Optimizing Real-Time Diffusion with StreamDiffusion
Learning objectives
- learner can explain how StreamDiffusion hits real-time via stream batch, timestep selection, and frame skipping
- learner can apply the acceleration stack: TensorRT, Stable-Fast, TinyVAE, KV-cache, residual CFG, LoRA stacking
- learner can set up the install, warmup, IO queues, and multiprocess viewer for a stable pipeline
Capstone — one whole task that evidences the objectives
Stand up an optimized real-time img2img pipeline and benchmark it: install StreamDiffusion, choose a t_index_list, enable stream batch, TensorRT (or Stable-Fast) and TinyVAE, add KV-cache precomputation and residual CFG, stack LoRAs for style, run warmup and split generation/display across processes with IO queues, and report your fps against the published RTX-4090 benchmarks.
Prerequisite modules
The whole task here is the one every AV livecoder with an NVIDIA rig eventually faces: turning diffusion from a batch renderer into a live visual instrument. If you want camera- or pattern-reactive imagery projected behind a set, the pipeline must sustain video rate on stage hardware — which means every millisecond of the inference loop has to be accounted for. This module builds toward standing up that pipeline yourself and proving it with numbers against the published RTX-4090 benchmarks.
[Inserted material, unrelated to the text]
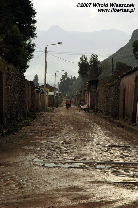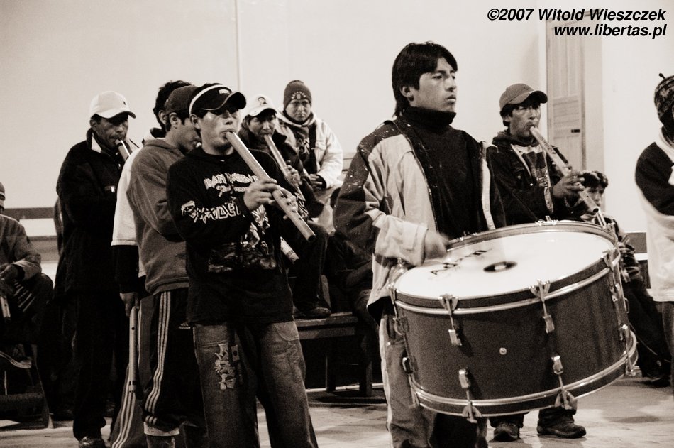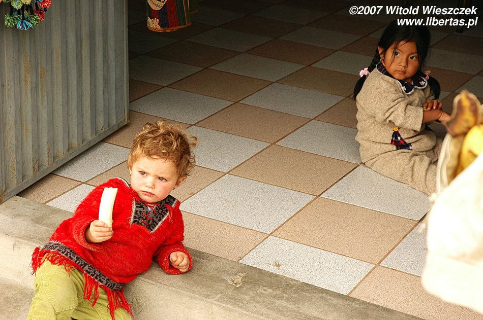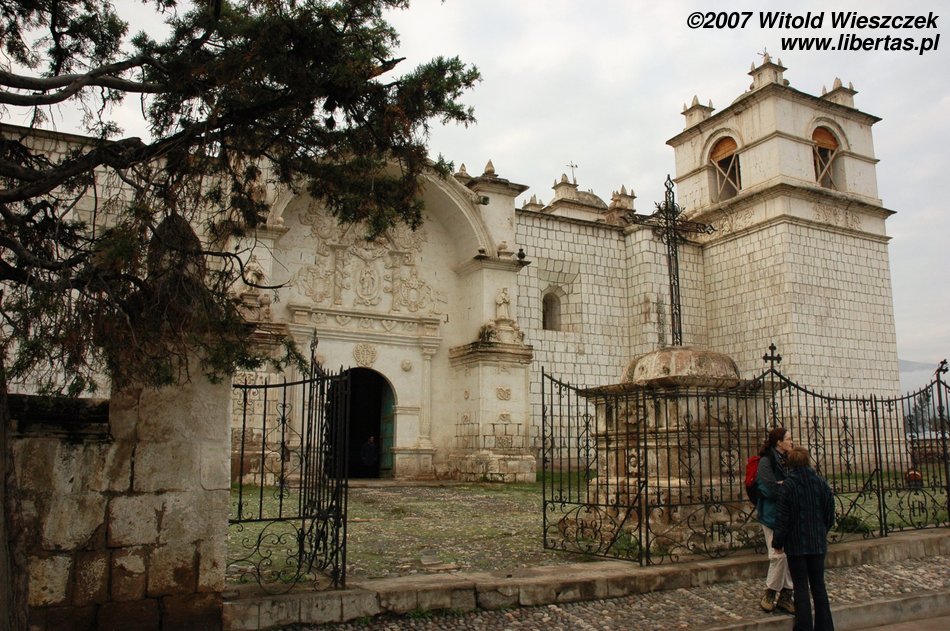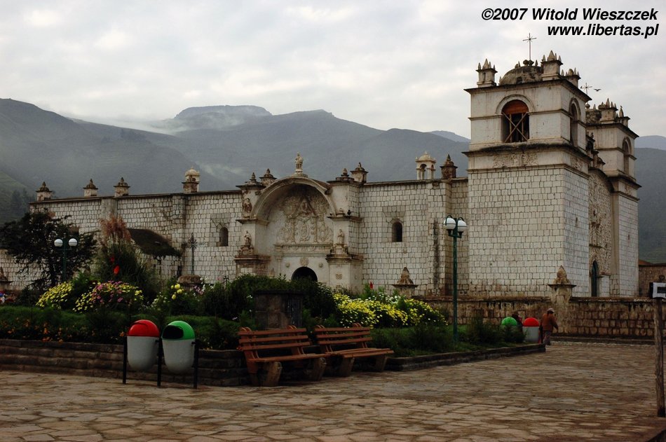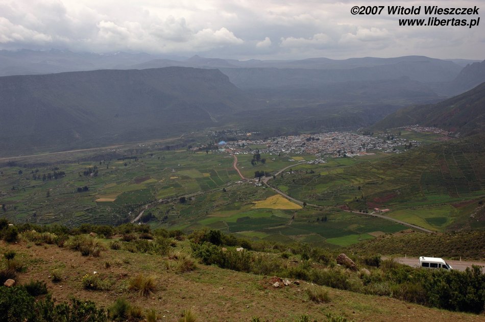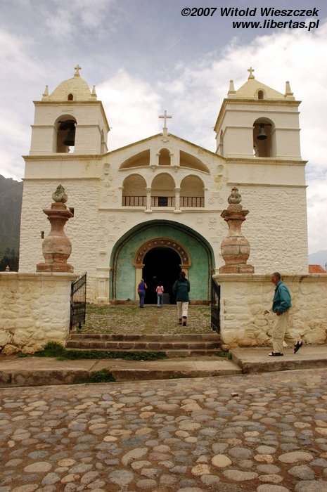 Dzisiaj jedziemy w położone na wysokości 3450 m n.p.m miejsce zwane Cruz del Condor, po drodze kilka razy zatrzymujemy się, by podziwiać zapierające dech w piersiach widoki. Odwiedzamy też Yanque, w którym znajduje się trochę podniszczony kościółek z unikalną na skalę światową barokową fasadą. Na (zgaduje w ciemno) Plaza de Armas tańczą dla turystów Indianki. Smutny jest widok zabiedzonej dziewczynki ze szmacianką, na i zrujnowanych lub niedokończonych domów na tle pięknych gór. Ten kontrast będzie mi towarzyszył przez całą podróż. Niesamowicie piękny kraj, wyeksploatowany przez białych do granic możliwości, najpierw okradziony ze złota, potem z miejsc kultu zamienionych na chrześcijańskie kościoły, w końcu z miedzi wydobywanej w niewolniczych warunkach dla zachodnich koncernów, a dzisiaj nawet firmy turystyczne, które zarabiają na turystach, często są spoza Peru. W głowie się nie mieści, ale do dzisiaj nadal okrada się tych ludzi!

The arc starts supported: get the layered install right (the CUDA/Python/TensorRT stack in “StreamDiffusion requires CUDA GPU, Python 3.10, PyTorch 2.1”) and run a stock example through the high-level wrapper. From there you tighten one screw at a time, using the atoms as just-in-time how-tos: pick timesteps with “The t_index_list selects which diffusion timesteps to apply”, swap in the distilled autoencoder per “Replacing the standard VAE with TinyVAE”, then layer on residual CFG, KV-cache precomputation, and fused style LoRAs. The final unsupported step is architectural — splitting generation and display across OS processes with IO queues and a proper warmup — done without scaffolding, ending in your own fps report.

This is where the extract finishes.